È un’inflazione da record negli Stati Uniti. I prezzi al consumo nel mese di marzo sono saliti dell’8,5 per cento su base annua e dell’1,2 per cento rispetto a febbraio. Un livello che raggiunge i massimi dal dicembre del 1981. L’incremento registrato è anche maggiore delle attese degli osservatori di Wall Street che prevedevano un aumento del’8,4 per cento. 

  • L’inflazione continua a crescere a causa della guerra in Ucraina, per via dei problemi della catena di approvvigionamento e dell’aumento dei prezzi dell’energia, saliti dell’11 per cento rispetto a febbraio. Negli Stati Uniti non si vedeva una situazione simile dai tempi della presidenza di Ronald Reagan. A pesare maggiormente sui prezzi è stato l’indice della benzina, salito del 18,3 per cento a marzo. In media, come confermato dalla portavoce della Casa Bianca Jen Psaki, dall’inizio dell’invasione da parte della Russia si è verificato un aumento di 80 centesimi a gallone.

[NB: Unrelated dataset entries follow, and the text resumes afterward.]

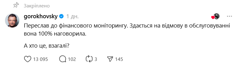 “Переслав до фінансового моніторингу. Здається на відмову в обслуговуванні вона 100% наговорила. А хто це, взагалі?”, – написав він.
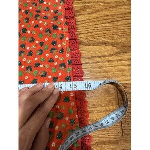 Add a touch of nostalgic charm to your holiday table with this delightful set of vintage Christmas fabric napkins. Each napkin measures approximately 15x16 inches and features a vibrant red background adorned with a festive pattern of green Christmas trees, wreaths, white floral, and other holiday motifs. The edges are beautifully finished with a delicate red lace trim, enhancing their vintage appeal.
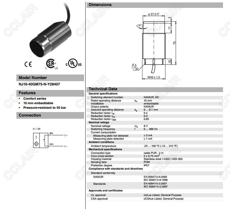NJ10-40GM75-N-Y28407,電感式接近開關(guān)
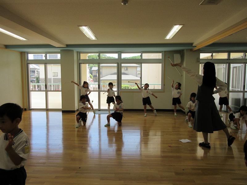 ゆりぐみさんは、マーチングの練習です。もうすぐ出来上がりそう・・。
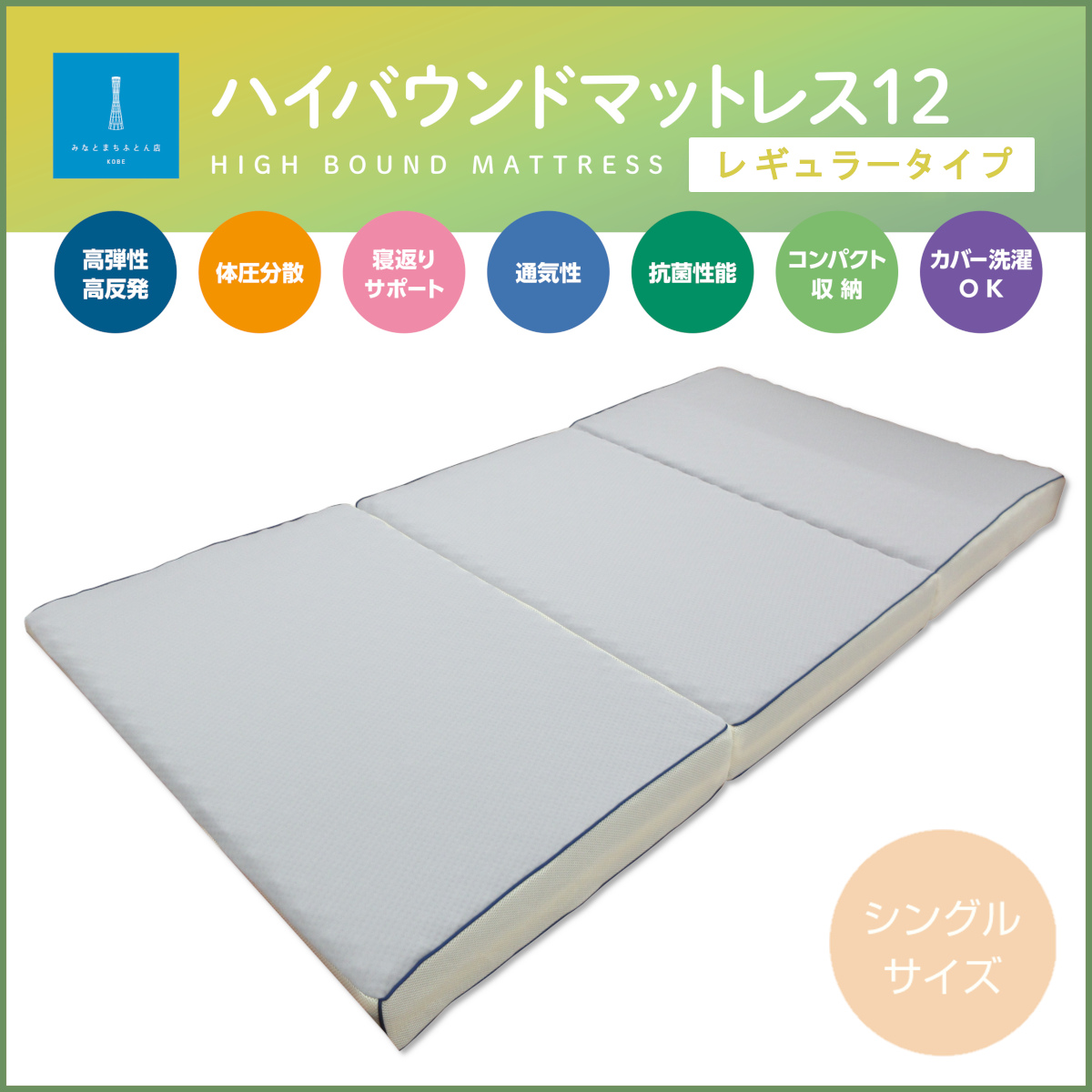 三つ折りタイプなので、使わない時はコンパクトに収納可能。中材パーツを定期的にローテーションすることで、部分的なへたりを遅らせ、長期間快適な寝心地を維持できます。

  • Il proseguimento della crescita dell’inflazione mette pressione sulla Federal Reserve: l’indice core, monitorato dalla Fed al netto di energia e alimentari, è salito nel mese di marzo dello 0,3 per cento su febbraio e del 6,5 per cento rispetto all’anno precedente. La banca sembra pronta ad aumentare i tassi di interesse di mezzo punto percentuale nel prossimo vertice a maggio.
  • Le famiglie statunitensi si stanno preparando a un ulteriore aumento dei costi di affitti, gas e cibo che colpisce in particolare i ceti medio bassi del paese. Per l’amministrazione di Joe Biden non è un periodo favorevole, anche in vista delle elezioni di midterm previste il prossimo novembre. Le Borse europee, alla notizia della fiammata dell’inflazione, hanno reagito in maniera negativa. In calo Francoforte, Londra, Parigi e Milano, mentre per adesso rimane piatta Madrid.